È l’incontro tra due violenze: simbolica, quella di Giasone, reale e quella di Medea. Si tratta di una tragedia non come rappresaglia individuale, ma come uno scontro tra due concezioni delle forze, umana e magica, di un uomo ambizioso e una donna stratega. Sabato primo luglio, nuovo appuntamento della rassegna “Pompei Theatrum Mundi”.
Nella spettacolare cornice del teatro grande del parco archeologico di Pompei, è andata in scena la tragedia: “Medea” di Euripide. Con la regia di Federico Tiezzi si è potuto assistere a una Medea che sogna il mondo del prima, un mondo tribale lontano, e una terra che si macchia dai rimorsi.
Una perfetta narrazione della nutrice che detta il tempo del racconto, una voce che intende fermare l’ira della vendetta da parte di Medea contro Giasone. Durante la rappresentazione si è potuto percepire lo scontro tra una società arcaica e una società che potremmo definire post-industrale.
Tra debolezze, dolori e sfide, Medea afferma la sua forza vendicativa contro Giasone, contrapponendo la distruzione fisica della famiglia: il corpo viene prima di ogni metafora, soccombono i figli, soccombe l’idea stessa del futuro. Alla fine, resta soltanto il silenzio.
A dare vita alla messa in scena, sono saliti sul palco: Laura Marinoni (Medea), Alessandro Averone (Giasone), Debora Zulini (la Nutrice), Riccardo Liovemore (Pedagogo), Roberto Latini (Creonte), Luigi Tabita (Egeo), Sandra Toffolatti (nunzio), Francesca Ciocchetti (prima Corifea).
Alla tragedia si aggiungono le voci del coro che compongono la musicalità e il ritmo parlato che preclude lo sterminio. Medea entra in scena dopo che la nutrice ha narrato come dalla Colchide, la principessa discendente dal sole, abbia seguito Giasone a Corinto, e là sia stata abbandonata per Glauce, figlia del re Creonte. Si sentono quindi i lamenti e le urla di Medea, mentre il coro è in scena, finché la protagonista entra e denuncia la propria condizione, sfortunata come quella che è, in genere, femminile. Entra, questa volta Creonte con l’intenzione di esiliare Medea ma, grazie alla sua abilità, riesce a strappargli un giorno in più a permanere a Corinto. Da qui, la minaccia e la vendetta contro Giasone, con maggiore convinzione strategica stimolata dall’incontro con il re di Atene, Egeo.

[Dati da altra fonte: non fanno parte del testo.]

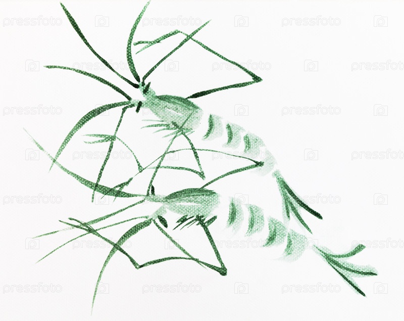 Пара зеленых креветок, нарисованных в стиле суми-э

Dopo aver inviato per mano dei propri figli dei doni avvelenati a Glauce, che uccideranno lei e il padre, Medea uccide i figli, annientando così l’esistenza di Giasone portando con sé i corpi dei suoi fanciulli sul carro del Sole, verso Atene. Alla fine, chi era salito sul carro dei vincitori (Giasone), è caduto distruggendo, appunto, l’idea stessa del futuro.